USAID will announce that it has joined an important partnership with Project Last Mile, alongside The Coca-Cola Company and its Foundations, the Bill & Melinda Gates Foundation, Accenture Development Partnerships (ADP), the The Global Fund to Fight AIDS, Tuberculosis and Malaria, Yale Global Health Leadership Institute, and Global Environment and Technology Foundation. In support of Project Last Mile, USAID and partners will expand the project by investing more than $21 million to help provide access to critical medicines and medical supplies to African communities in 10 countries, up from two. The project has already made a significant impact—in Tanzania, the government has reorganized and expanded its distribution system from 150 drop-off points in 2010 to 5,500 health care facilities now.
USAID, the American Academy of Pediatrics, and pediatric associations of Nigeria, India, and Ethiopia will announce the “Helping 100,000 Babies Survive and Thrive” partnership, a new initiative aimed at saving at least 100,000 newborn lives each year in partnership with Laerdal Global Health, Johnson & Johnson, the Government of Norway, and the Bill & Melinda Gates Foundation. This is an expansion of the Survive and Thrive Global Development Alliance, which was announced at the 2012 Call to Action.

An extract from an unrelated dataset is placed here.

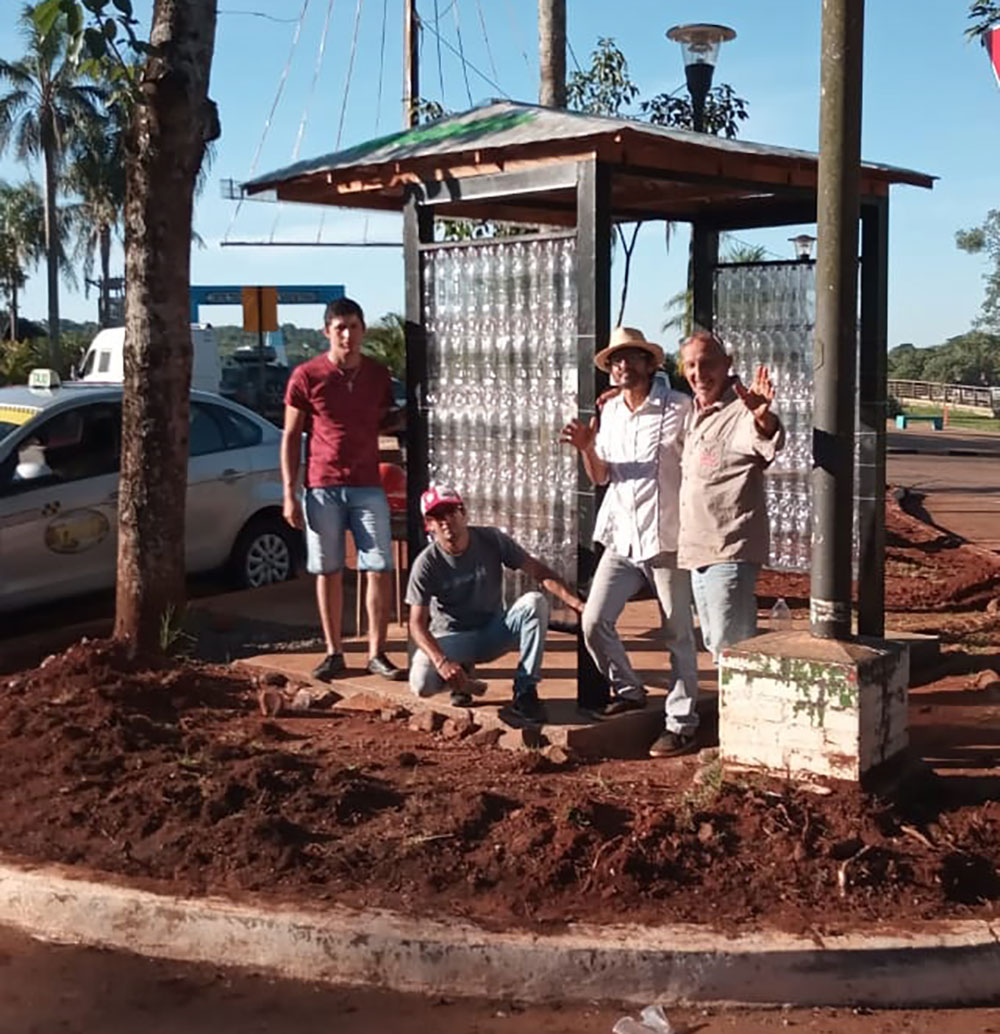 Fredy Ríos, presidente de la Asociación Paradas Unidas, contó a PRIMERA EDICIÓN que “ya está tomando forma el primer resguardo ecológico realizado con botellas plásticas. El techo está hecho con tetra packs y botellas plásticas que están hechas como tejas, las paredes también son de botellas plásticas y también comenzamos con el embellecimiento de la plazoleta donde está emplazado el resguardo”.

Working with key partners such as USAID, Johnson & Johnson will reaffirm its dedication to create a world in which no baby dies from a preventable cause through the launch of a new 5-year, $30 million commitment to save more newborn lives. As part of this, Johnson & Johnson will contribute $1 million to the new USAID-led initiative “Helping 100,000 Babies Survive and Thrive.”
Tore Laerdal, managing director of Laerdal Global Health and executive director of Laerdal Foundation, will announce a commitment of $55 million in support of USAID 's public private partnerships, including the new Helping 100,000 Babies Survive and Thrive, and other partners' efforts to end preventable newborn and maternal deaths.